- Task prompt -
Copy out the data below from the line containing "A watery, dreamy, abstract" to the line containing "Scan the QR", both lines included, with all images left out.

- Data -
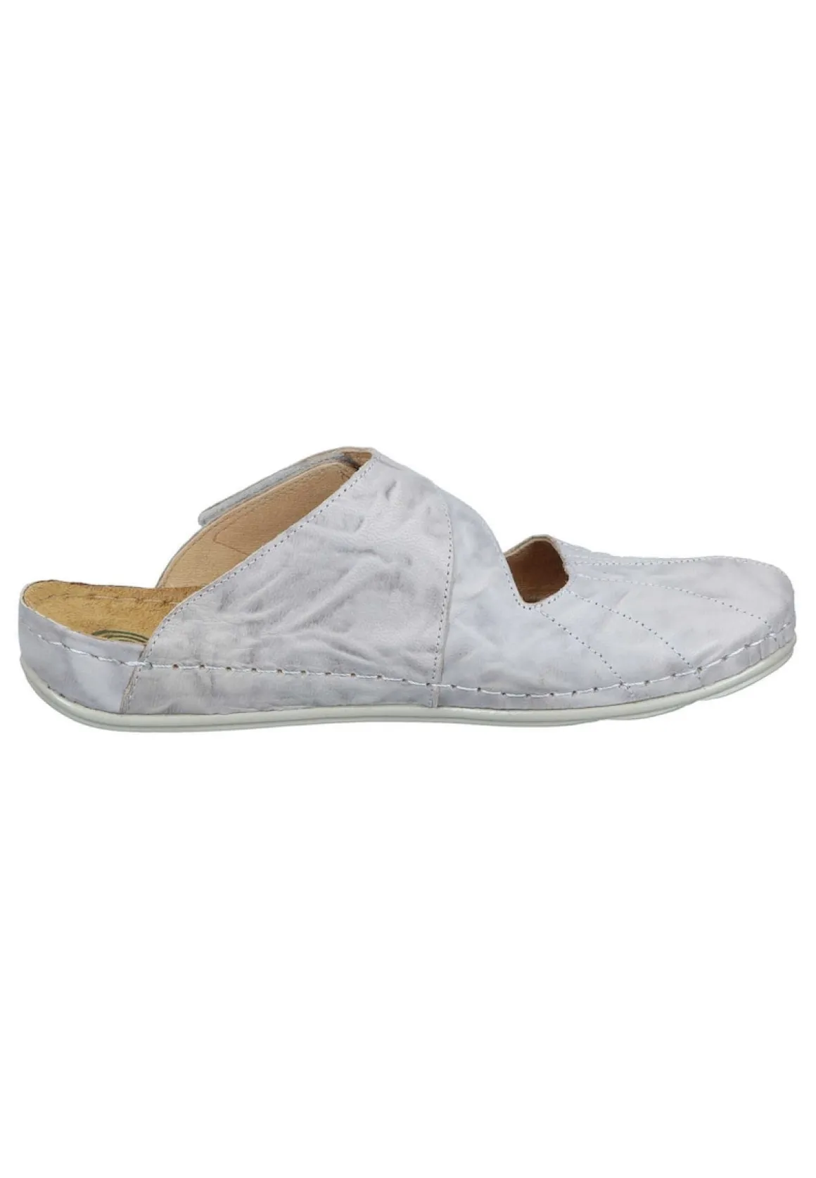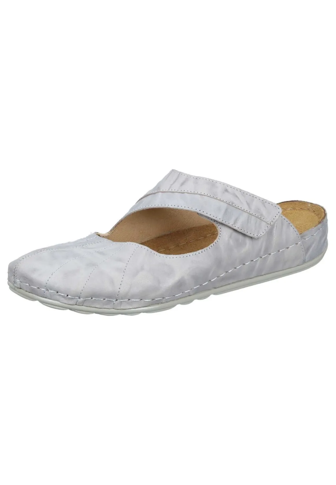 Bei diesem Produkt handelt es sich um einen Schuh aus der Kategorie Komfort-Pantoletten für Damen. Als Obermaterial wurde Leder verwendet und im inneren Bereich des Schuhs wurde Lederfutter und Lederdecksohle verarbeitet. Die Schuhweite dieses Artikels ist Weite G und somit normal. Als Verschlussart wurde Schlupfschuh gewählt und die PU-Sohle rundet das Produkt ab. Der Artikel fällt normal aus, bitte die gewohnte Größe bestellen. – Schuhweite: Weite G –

--

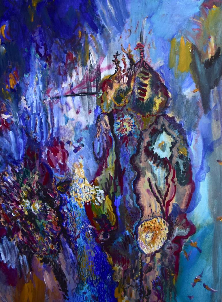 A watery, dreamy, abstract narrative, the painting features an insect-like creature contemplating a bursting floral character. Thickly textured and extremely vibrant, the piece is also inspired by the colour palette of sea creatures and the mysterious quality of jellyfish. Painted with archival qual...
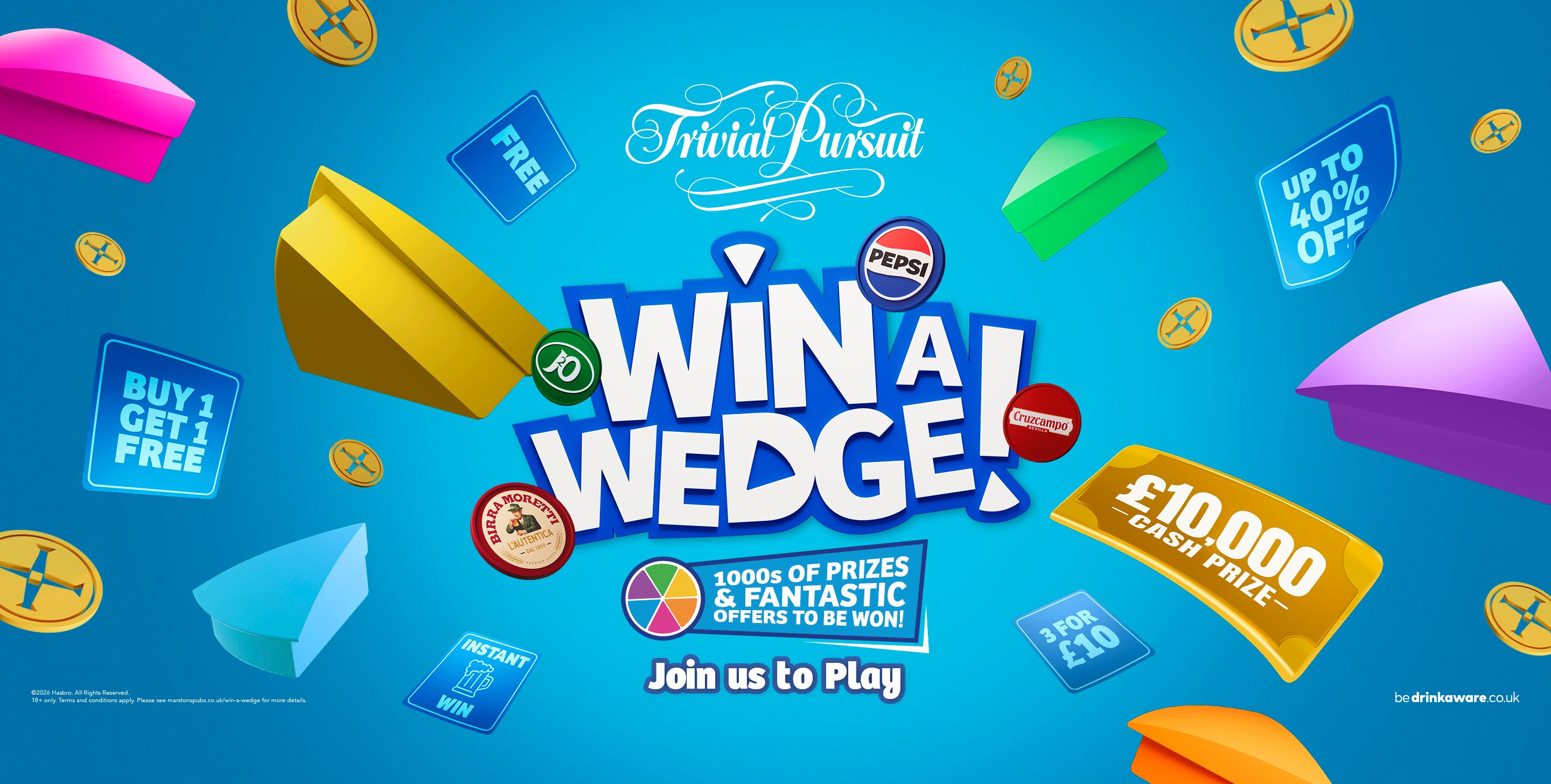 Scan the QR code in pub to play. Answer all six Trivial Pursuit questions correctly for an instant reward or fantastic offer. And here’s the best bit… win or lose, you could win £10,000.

==

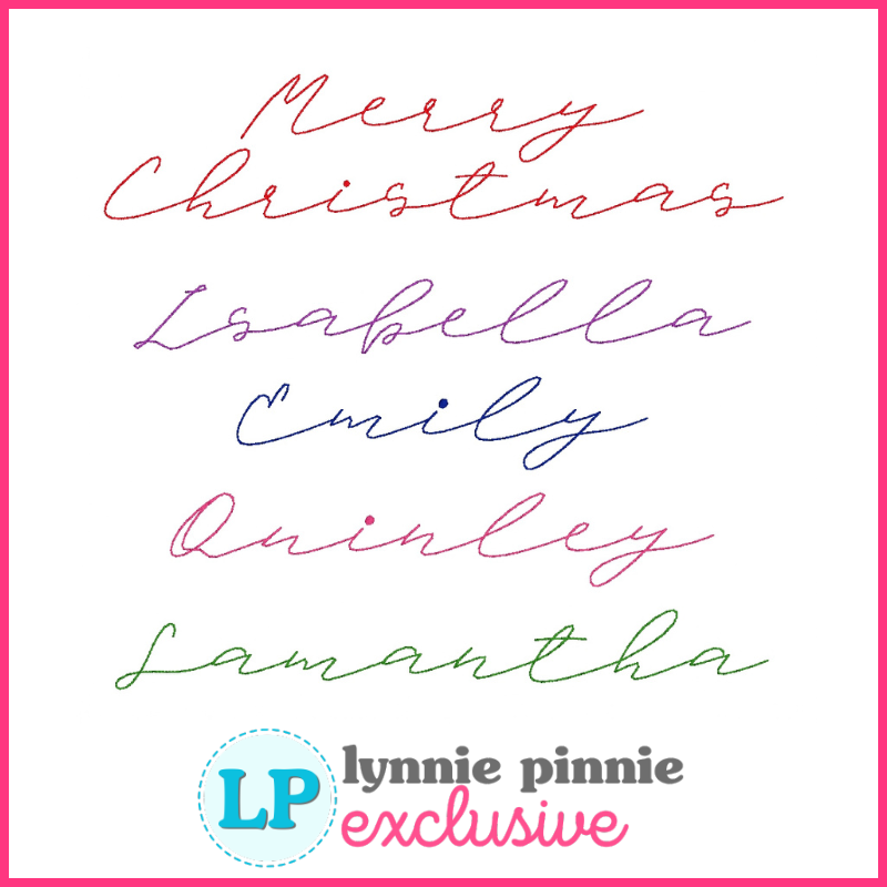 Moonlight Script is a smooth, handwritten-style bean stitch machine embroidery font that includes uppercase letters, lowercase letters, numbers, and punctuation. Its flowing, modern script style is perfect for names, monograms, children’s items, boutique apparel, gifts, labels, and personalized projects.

- Answer to the exercise -
 A watery, dreamy, abstract narrative, the painting features an insect-like creature contemplating a bursting floral character. Thickly textured and extremely vibrant, the piece is also inspired by the colour palette of sea creatures and the mysterious quality of jellyfish. Painted with archival qual...
 Scan the QR code in pub to play. Answer all six Trivial Pursuit questions correctly for an instant reward or fantastic offer. And here’s the best bit… win or lose, you could win £10,000.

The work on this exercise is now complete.